Cause: Missing permissions configuration
Solution: Add the following to your workflow file
permissions:
id-token: write
contents: read
Authentication Succeeds but Permission Errors Occur
Cause: Required permission policies are not attached to the IAM role
Solution: Attach appropriate policies to the IAM role
aws iam attach-role-policy \
--role-name github-actions-deploy-role \
--policy-arn arn:aws:iam::aws:policy/AmazonS3FullAccess
Security Best Practices
1. Principle of Least Privilege
Grant only the minimum necessary permissions.
{
"Version": "2012-10-17",
"Statement": [
{
"Effect": "Allow",
"Action": [
"s3:PutObject",
"s3:GetObject",
"s3:ListBucket"
],
"Resource": [
"arn:aws:s3:::your-specific-bucket",
"arn:aws:s3:::your-specific-bucket/*"
]
}
]
}
2. Restrict by Branch or Tag
Restrict production deployments to specific branches only.
{
"Condition": {
"StringEquals": {
"token.actions.githubusercontent.com:sub": "repo:your-org/your-repo:ref:refs/heads/main"
}
}
}
3. Separate Roles by Environment
Use different roles for development, staging, and production.
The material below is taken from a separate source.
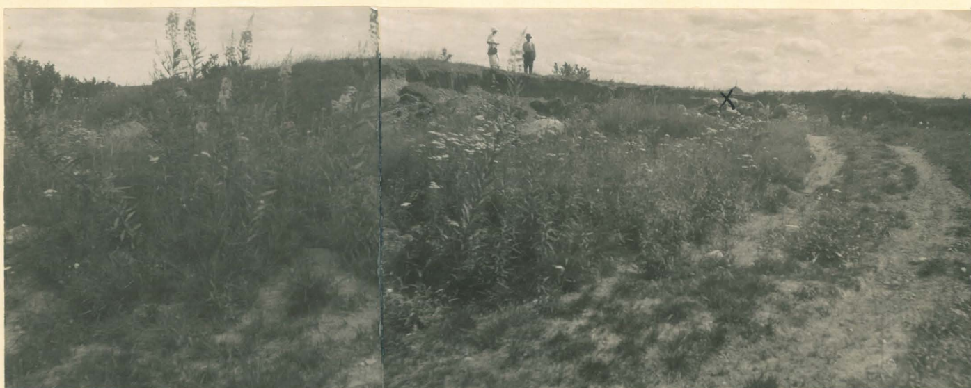
6299-300 Lunkankulla, Grind, fot. från V. Ungefär vid X hittades 8586

- name: Configure AWS credentials (Production)
if: github.ref == 'refs/heads/main'
uses: aws-actions/configure-aws-credentials@v4
with:
role-to-assume: ${{ secrets.AWS_ROLE_ARN_PROD }}
aws-region: ap-northeast-1
- name: Configure AWS credentials (Development)
if: github.ref == 'refs/heads/develop'
uses: aws-actions/configure-aws-credentials@v4
with:
role-to-assume: ${{ secrets.AWS_ROLE_ARN_DEV }}
aws-region: ap-northeast-1
4. Audit with CloudTrail
Record all API calls and review them regularly.
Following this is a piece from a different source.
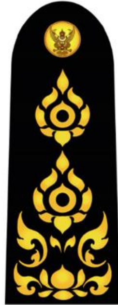
อินทราฐเจ้าหน้าที่และลูกจ้าง ในตำแหน่งอื่น
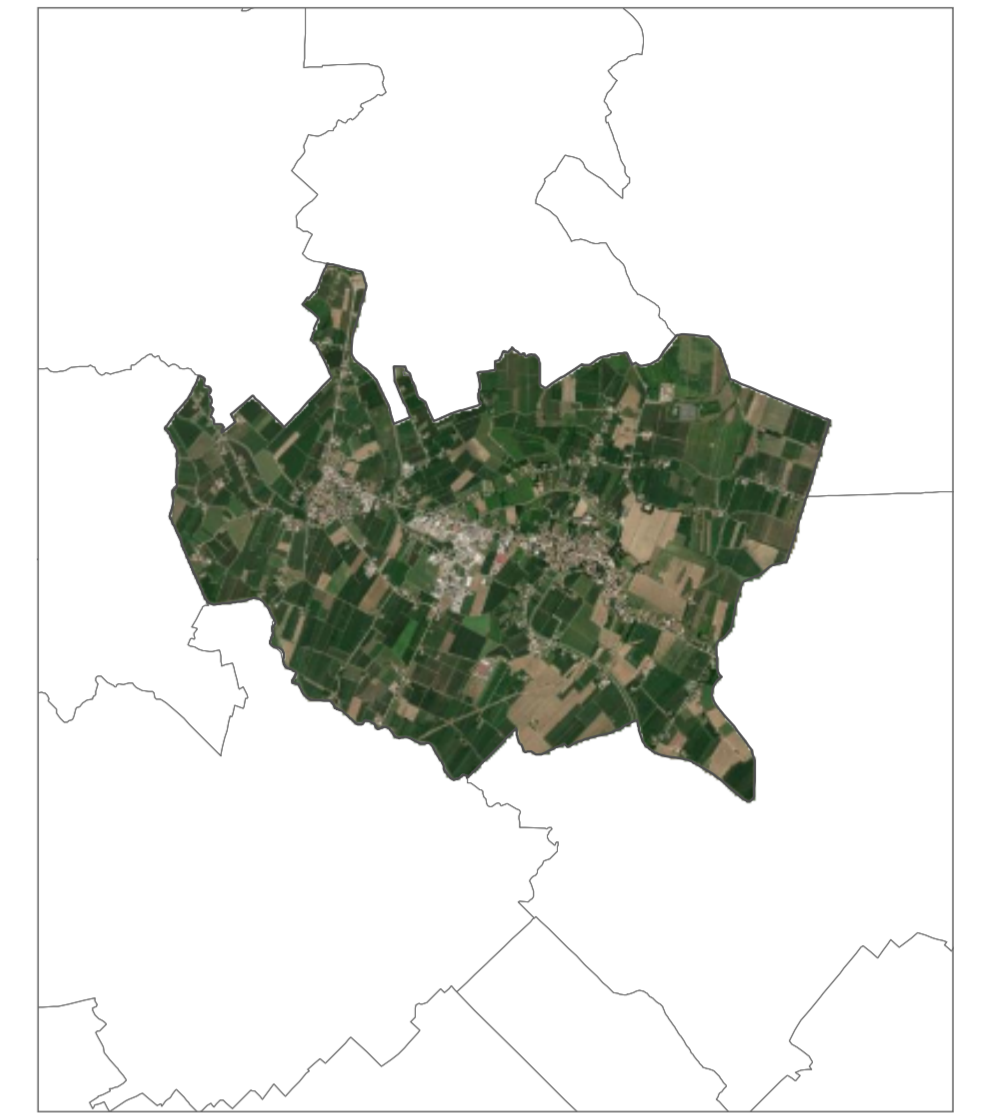
Tavola 11 scala 1:3.000

# S3 bucket for CloudTrail
resource "aws_s3_bucket" "cloudtrail" {
bucket = "my-cloudtrail-logs-bucket"
}
resource "aws_s3_bucket_policy" "cloudtrail" {
bucket = aws_s3_bucket.cloudtrail.id
policy = jsonencode({
Version = "2012-10-17"
Statement = [
{
Sid = "AWSCloudTrailAclCheck"
Effect = "Allow"
Principal = {
Service = "cloudtrail.amazonaws.com"
}
Action = "s3:GetBucketAcl"
Resource = aws_s3_bucket.cloudtrail.arn
},
{
Sid = "AWSCloudTrailWrite"
Effect = "Allow"
Principal = {
Service = "cloudtrail.amazonaws.com"
}
Action = "s3:PutObject"
Resource = "${aws_s3_bucket.cloudtrail.arn}/*"
Condition = {
StringEquals = {
"s3:x-amz-acl" = "bucket-owner-full-control"
}
}
}
]
})
}
# CloudTrail
resource "aws_cloudtrail" "github_actions_audit" {
name = "github-actions-audit"
s3_bucket_name = aws_s3_bucket.cloudtrail.id
include_global_service_events = true
is_multi_region_trail = true
enable_logging = true
depends_on = [aws_s3_bucket_policy.cloudtrail]
}
Conclusion
OIDC integration between GitHub Actions and AWS provides the following benefits:
- Secure deployment without access keys
- Uses only temporary credentials
- Fine-grained permission control by repository or branch
- Reduced management costs
While the initial setup is somewhat complex, once configured, it leads to long-term improvements in security and operability. I highly recommend considering its adoption.